Go to the EMR Web Console (Right click -> Open Link in New Tab) -> "EMR-Spark-Hive-Presto" -> Hardware tab. You will see MASTER and CORE fleets. Click on the MASTER instance fleet id (looks like if-XXXXXXXXXX).

Spark - 1

Click on the EC2 instance ID (looks like i-xxxxxxxxxxx). It should take you to the EC2 management console.

Spark - 2

You will be navigated to the EC2 management console.

Spark - 3

Click on “Connect” and go to the tab “Session Manager”. Click on Connect.

Spark - 4

You will be navigated to the AWS Session Manager session. In the session, type the following commands to log in as hadoop user (default OS user for EMR).

sudo su hadoop
cd ~

Spark - 5

You will use the same login method to log in to other EC2 instances in this workshop as well.
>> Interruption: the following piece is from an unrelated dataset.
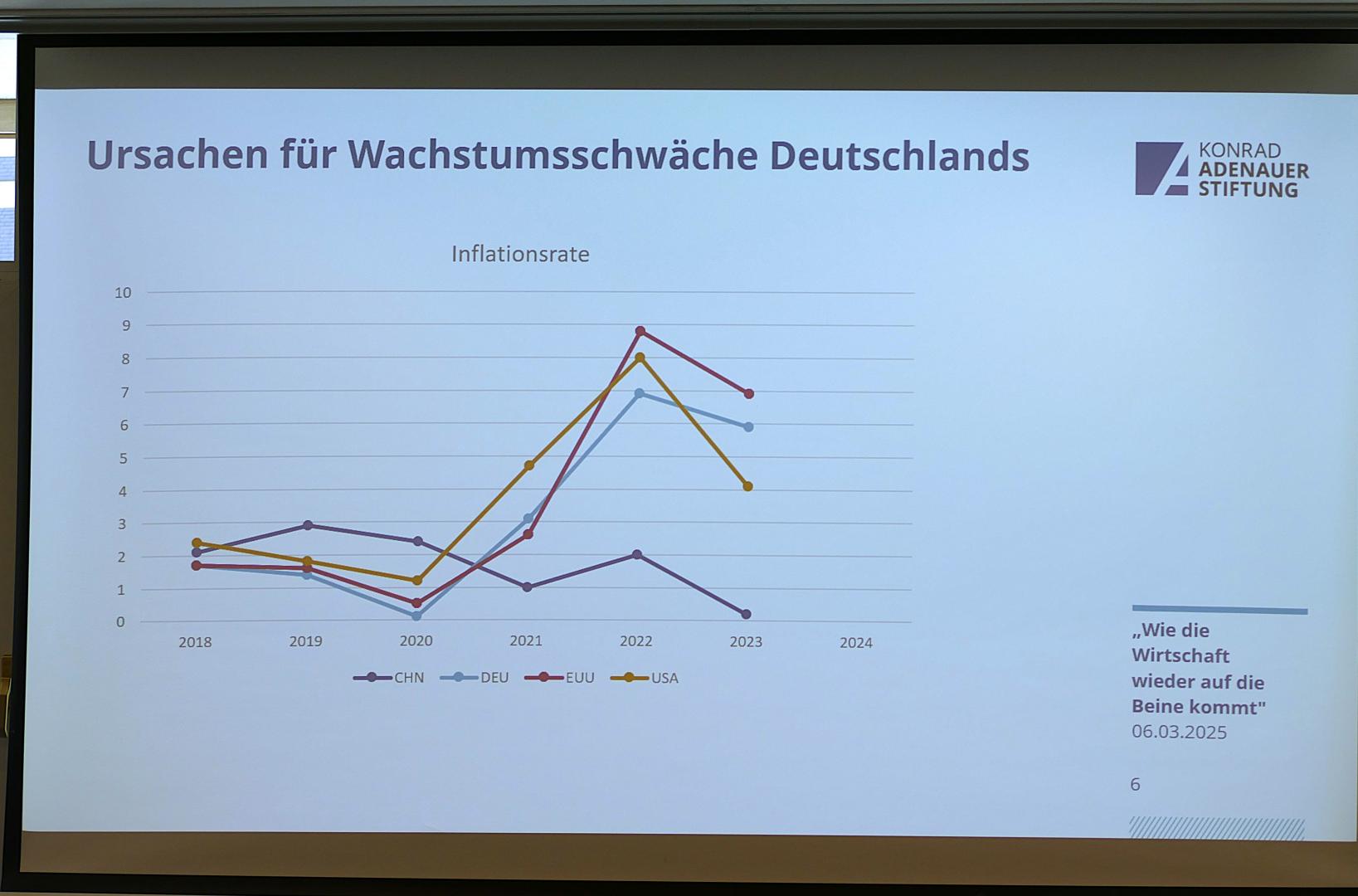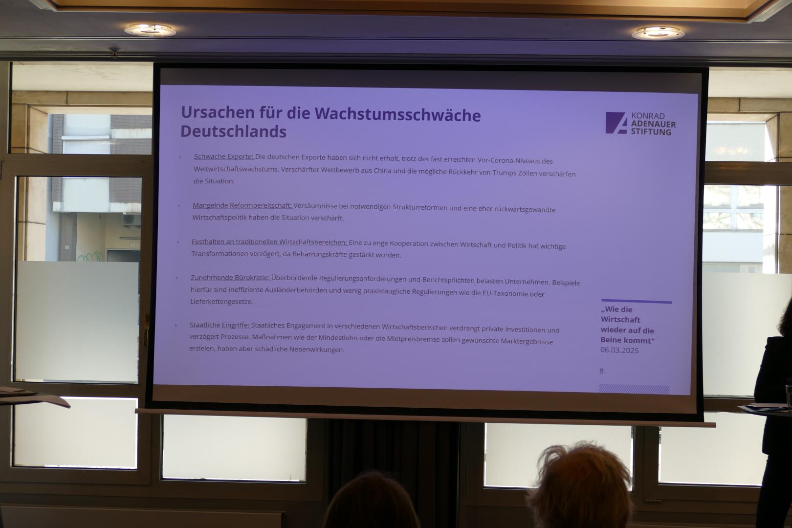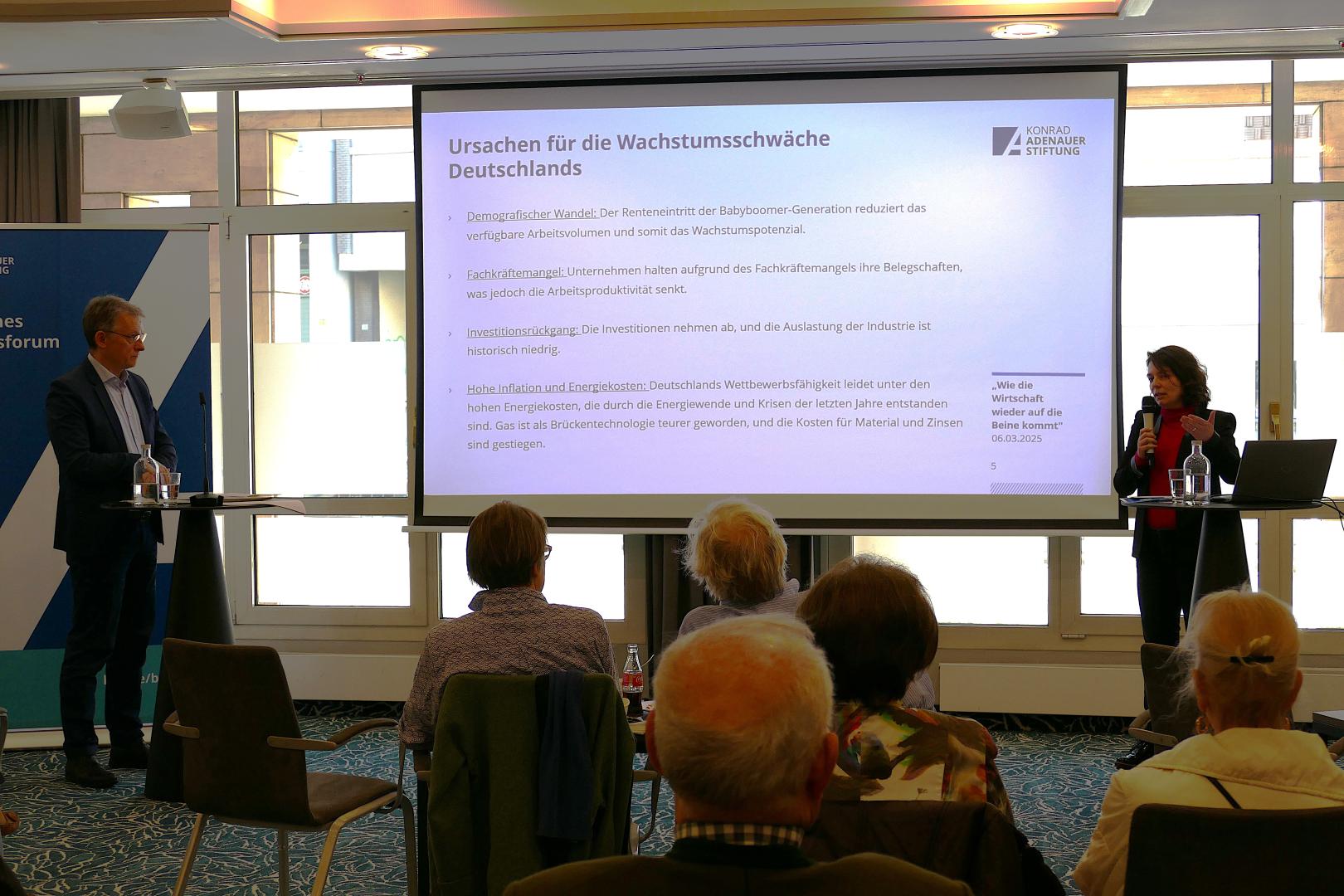 Die deutsche Wirtschaft ist seit 2023 in der Rezession. Etwa drei Millionen Arbeitslose, eine besorgniserregende Bürokratie, der demografische Wandel und vieles mehr machen ihr stark zu schaffen. Vor diesem Hintergrund begrüßte Ralf Altenhof das Publikum und stellte Dr. Sarah Al Doyaili-Wangler aus der Abteilung Analyse und Beratung der Konrad-Adenauer-Stiftung vor.

Using spark-submit and spark-shell

Once you are logged into the EMR cluster using SSH or SSM agent, type “spark-shell” on your EMR Leader Node.

Spark - 6

Once spark-shell opens and the Spark session object is created, run the commands below -

import org.apache.spark.sql.types.{IntegerType,StringType,StructType,StructField,DoubleType}

val schema = StructType(Array(StructField("s_suppkey",IntegerType,true), StructField("s_name",StringType,true), StructField("s_address",StringType,true), StructField("s_nationkey", StringType, true), StructField("s_phone", StringType, true), StructField("s_acctbal", DoubleType, true), StructField("s_comment",StringType, true)))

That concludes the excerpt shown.